Performing Rights Organizations (PROs), most notably BMI and ASCAP, issue “licenses” to radio stations and businesses who want to play songs in public. The PROs then collect “royalties” from those entities and pay songwriters.

Back in the early 1940s the U.S. government decided to force PROs to license every song in their catalog at a fixed rate. This decision was sold as an effort to cut down on anti-trust abuses in the music industry.

At the time of this “consent decree,” LP records had not even been invented. Flash forward seven decades and music is being consumed in ways that no one — much less the government — could have imagined, but the laws have not been updated. As a result, you have situations like Kevin Kadish’s.

Kadish wrote “All About That Bass,” made famous by Meghan Trainor. The song was streamed almost 200 million times, but he claims he only made $5,679.

“For a song like ‘All About That Bass,’ that I wrote, which had 178 million streams,” Kadish began, “I mean $5,679? That’s my share. That’s as big a song as a songwriter can have in their career and number one in 78 countries. But you’re making $5,600. How do you feed your family?”

The music streaming business — led by tech companies like Spotify, Pandora, Apple and Google — has grown to the point that it now accounts for the majority of the income at some major record labels, but artists have complained they are not sharing in the growth.

As a result, some A-List stars like Taylor Swift have refused to allow their songs to be streamed until an artist-friendly compensation structure is put in place.

In a second blow to songwriters, the DOJ also called for so-called “100% licensing.”

Billboard, a music industry trade publication that called the order “baffling,” explains:

The DoJ has sent a letter to the two performance rights societies… telling them that on “split works” songs — songs written by multiple writers — any writer or rights holder can issue a license for 100 percent of the song.
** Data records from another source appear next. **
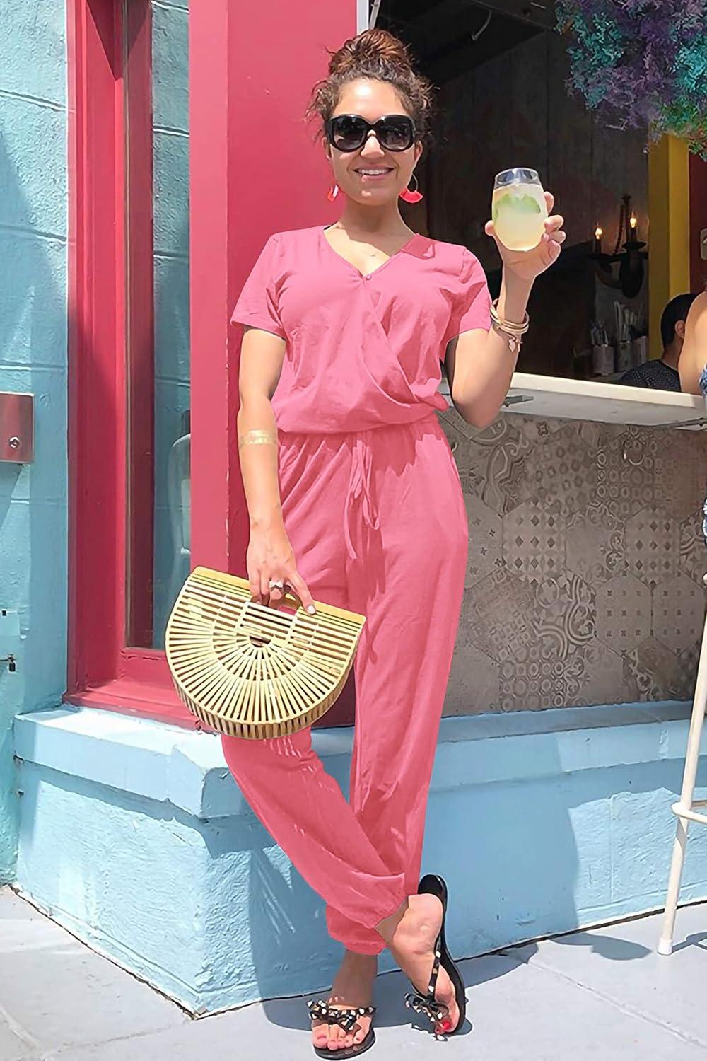 imagePRETTYGARDEN Jumpsuits for Women Dressy 2025 Summer Casual Short Sleeve Romper Spring Airport Beach Vacation Travel OutfitsRose Pink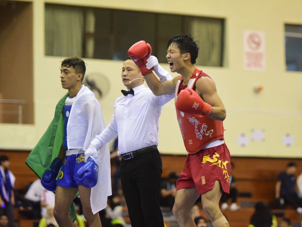 9月29日,在文莱举行的第九届世界青少年武术锦标赛散打男子60公斤级决赛中,中国选手郭俊彪战胜阿尔及利亚选手哈姆扎,获得冠军。新华社记者 李萌 摄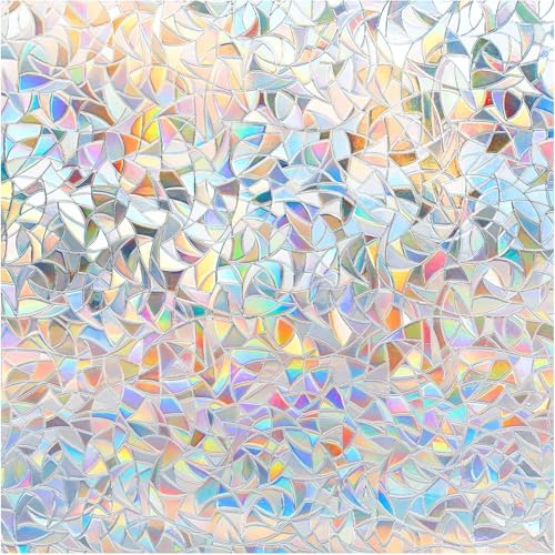 DOWELL Rainbow Window Film Privacy Stained Glass Window Film Non-Adhesive 3D Static Cling Glass Stickers Removable Vinyl Decorative Coverings Rainbow Effect Anti UV for Home Office 44.5 x 200 cm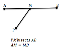 a segment, ray, line, or plane that intersects a segment at its midpoint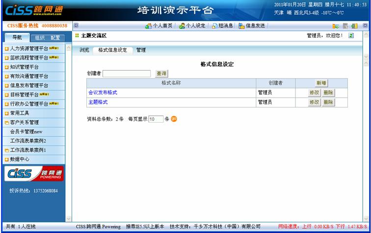 用途:建立多套文本格式,不同的交流主题套用不同的格式,方便参与者套用固定好的格式进行内容编辑,实现交流信息格式化管理;已建立好的格式信息,可用于新增交流主题时“格式信息”栏位的选择。
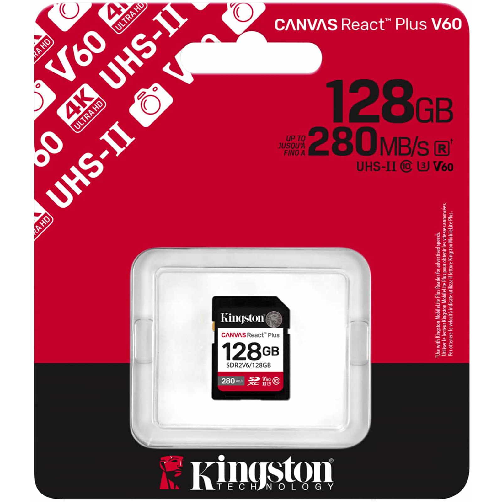 Kingston Canvas React Plus SDXC Memory Card - 128GB UHS-II - U3 - V60 - Read up to 280MB/s - Write up to 100MB/s - for DSLRs / Mirrorless Cameras & 4K Video Production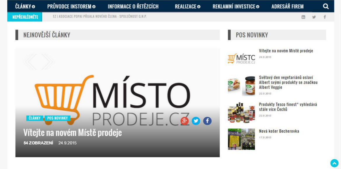 Dnešním dnem vstupuje odborný server Místo prodeje.cz, který přináší informace z oboru marketingu v místě prodeje, jak v rámci České republiky, tak i v zahraničí, do své další, vylepšené fáze, neboť zcela změnil svoji grafickou podobu a také strukturu jednotlivých svých kategorií.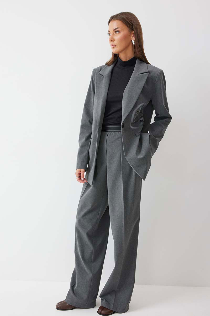 Жакет прямого силуэта из костюмной ткани. Воротник пиджачного типа с центральной застежкой на петлю и пуговицу. Рукав втачной двухшовный с декоративной шлицей и пуговицами. По переду и спинке талиевые вытачки. По переду карман с клапаном. По переду и спинке дизайнерская печать. Жакет на подкладке. Обращаем ваше внимание, что фурнитура может отличаться от фото.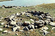The culture of the Thule people varied greatly from the Dorset. Their success in hunting bowhead whales was facilitated through their use of large boats, and their vast foraging range through the use of dog sleds.[10] In prime whaling areas, known Thule sites regularly contain fifteen to twenty houses, and in one case sixty.[11][12] Clusters of houses suggest extended family units,[13] and communal structures dedicated to ceremony have also been identified.[10] Some form of hierarchical social structure may be identifiable though variations in dwelling size, form, and content (whaling equipment, non-local goods, etc.) which could point to a difference in social status between families or households.[12] The presence of small quantities of native copper from the western arctic and meteoric iron from north-west Greenland indicate the existence of trade networks taking place in Thule culture.[14]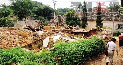 湘潭縣石潭鎮(zhèn)被洪水完全沖垮的一棟房屋。圖/記者李志宏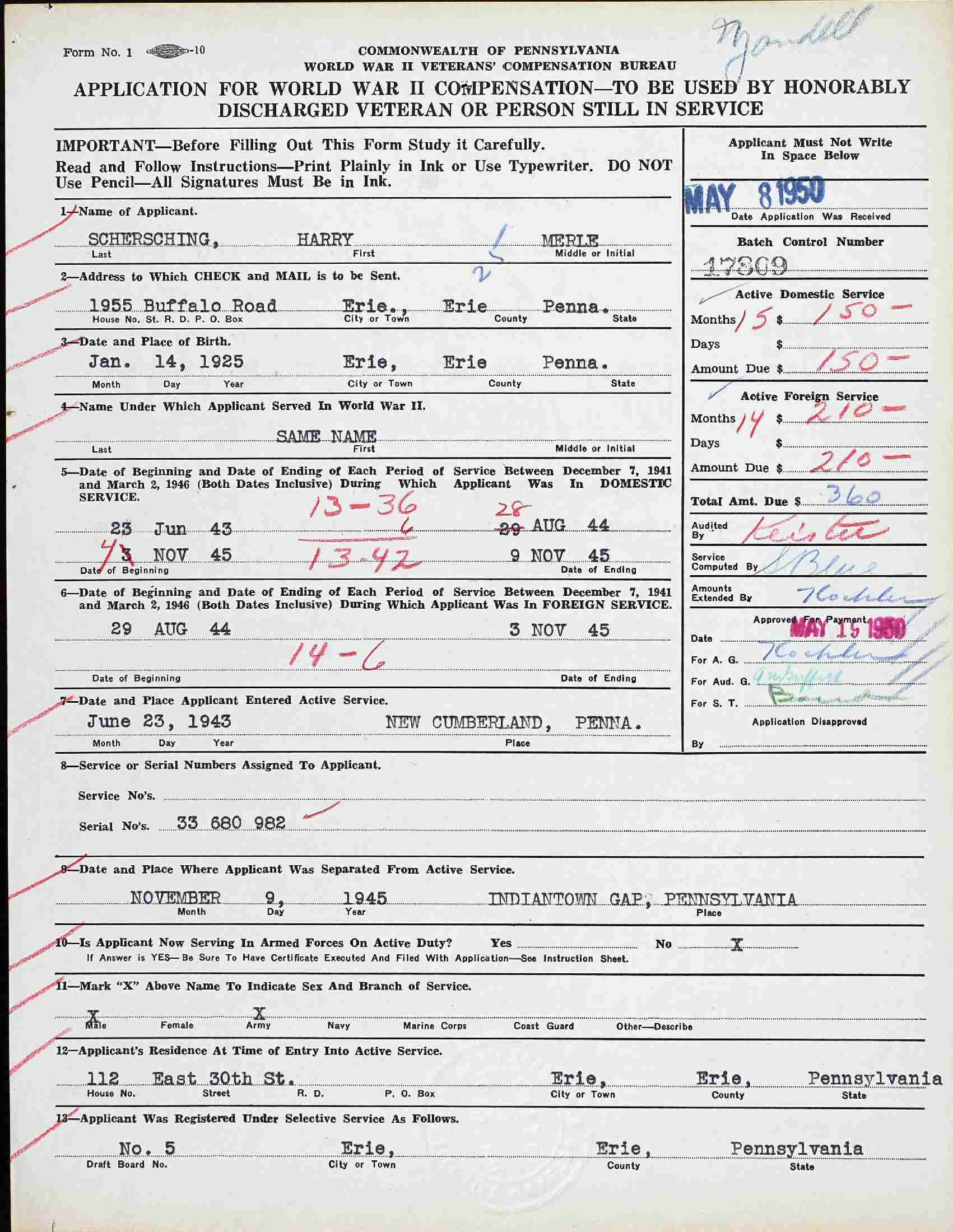 May 8, 1950 - 1955 Buffalo Road, Erie, Erie County, Pennsylvania.

In other words, the long-established industry practice of each rights owner greenlighting their particular portion of a song in order to establish a license — also known as fractional licensing — may no longer be allowed.

The U.S. Copyright Office responded to the DOJ order saying it “presents a host of legal and policy concerns.”

Alabama is home to a thriving artist community that started decades ago in the Muscle Shoals area of the state. Hundreds of hits songs have been written or recorded in the Yellowhammer State, and a new generation of artists is now taking Alabama’s sound to the world.

Unfortunately the Obama administration’s ruling may make it difficult for even the most successful Alabama songwriters to get paid for their work.

Brittany Hodak of Forbes sums up the songwriters’ concerns:

Don McLean forever memorialized Feb. 3, 1959—the date of the plane crash killing Buddy Holly, Ritchie Valens, and J. P. “Big Bopper” Richardson—as “the Day the Music Died” in his song “American Pie.” If you ask most songwriters or music creators, June 30, 2016—the date the Dept. of Justice ruled on music licensing consent decrees—may go down in history as “the day the music rolled over in its grave.”